- _The data_:
___

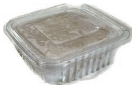
CPE250 POLPA DI GRANCHIO VERA 4 PZX250 GR CRUDA
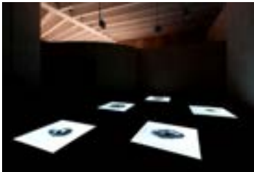
5 biografías-videos #3, 2002

Instalación, 5 canales de vídeo, color y sonido, 7'
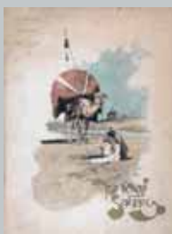
Vzpomínky a dojmy z cest po Alžírsku vylíčil Guth v knize Na pokraji Sahary , která vyšla u Jos. R. Vilímka v roce 1892 s ilustracemi Viktora Olivy (Památník národního písemnictví).

___

- _Your instructions_: Take the line containing "5 biografías-videos #3, 2002" and every line after it through the end of the data, and write them out exactly, with no pictures.

- _Expected answer_:
5 biografías-videos #3, 2002

Instalación, 5 canales de vídeo, color y sonido, 7'
Vzpomínky a dojmy z cest po Alžírsku vylíčil Guth v knize Na pokraji Sahary , která vyšla u Jos. R. Vilímka v roce 1892 s ilustracemi Viktora Olivy (Památník národního písemnictví).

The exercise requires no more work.